All of my indexers have thousands of session lock files similar to
-rw------- 1 root root 0 Jan 27 16:38 session-fa9570368b47a81458a696720fb657239dc0a60c.lock
ls /opt/splunk/var/run/splunk/session*.lock | wc -l
20379
which go back for months.
I don't know that there is anything necessarily wrong with this, but it doesn't feel right. Is this common? If it isn't, what kind of misbehavior should we be on the lookout for?
Remove tons of session files
ll | grep session | awk '{print "rm "$8" "}' | csh
Note:
"$8" -- column 8 of ll comand
Thanks
Sincerely
John Hsu
Well even with that traffic, the lock files shouldn't be months old; something odd there.
Firstly, thanks for the edit, dwaddle. I see what you did with the indent and I will do that from now on.

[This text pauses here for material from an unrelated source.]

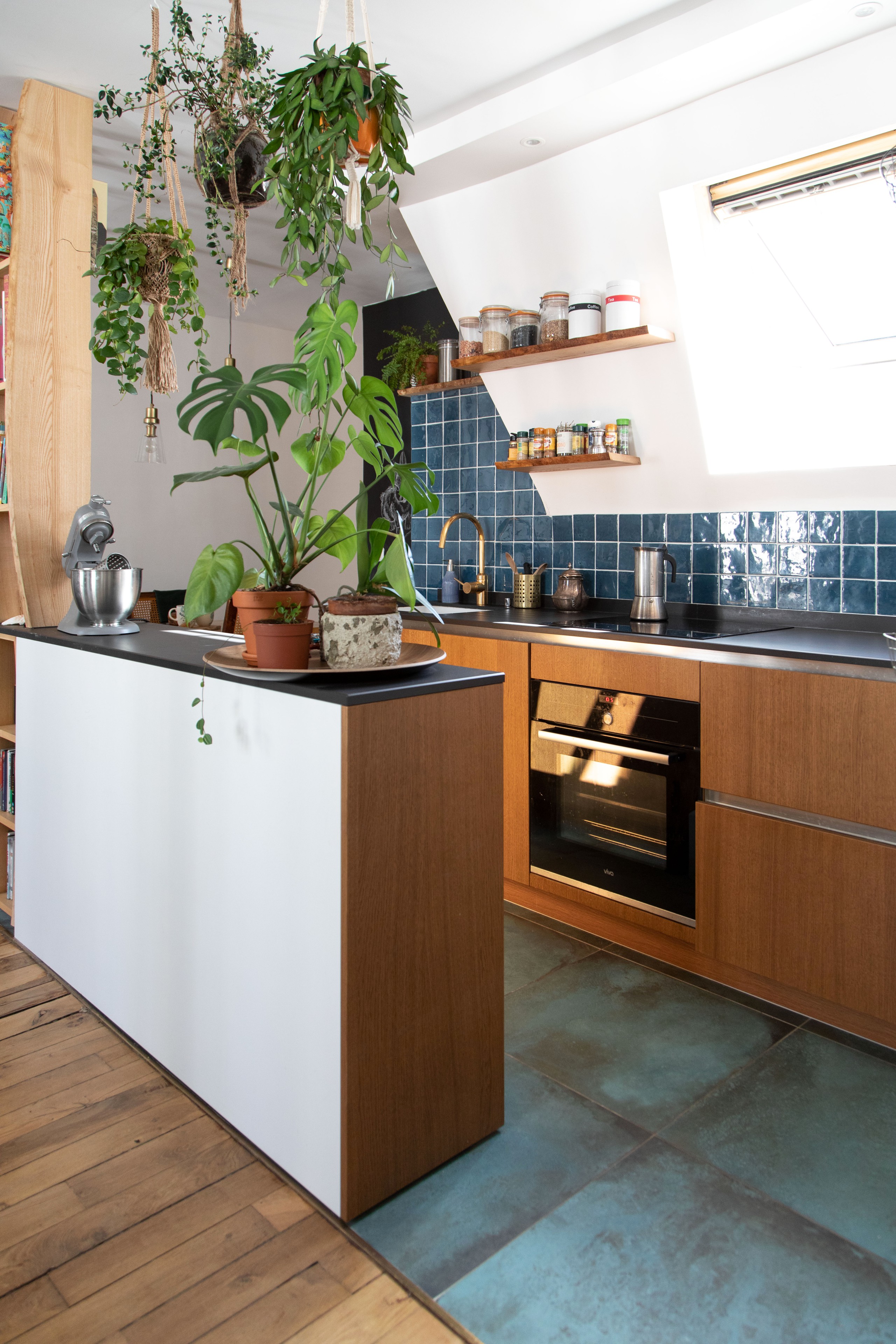 Dans cette réalisation pleine de charme et de simplicité signée par la société Mon Concept Habitation, la contrainte d’espace est bien gérée. Fruit d’un projet avec des élèves architectes, un petit plan de travail parallèle a été pensé en guise de prolongement et de délimitation, pour accroître la capacité de stockage de manière astucieuse. Les carreaux bleus alliés à des matériaux naturels comme le bois et les grandes plantes décoratives créent un style provincial inspirant.

Gareth, it's 4.1.6 on Linux. Your question about web_service log was right on target. At first I thought not, since these are indexers and don't get much http traffic, although splunkweb is enabled for convenience. Then I looked at the logs and saw tons of web vulnerability assessment traffic. Understanding that those session files correspond to splunkweb traffic was the key. Thanks!
No, that shouldn't happen. Extraneous session and lock files should be purged every five minutes or so.
Which version of Splunk are you running (and on what platform)? Are there any related error messages in the web_service.log?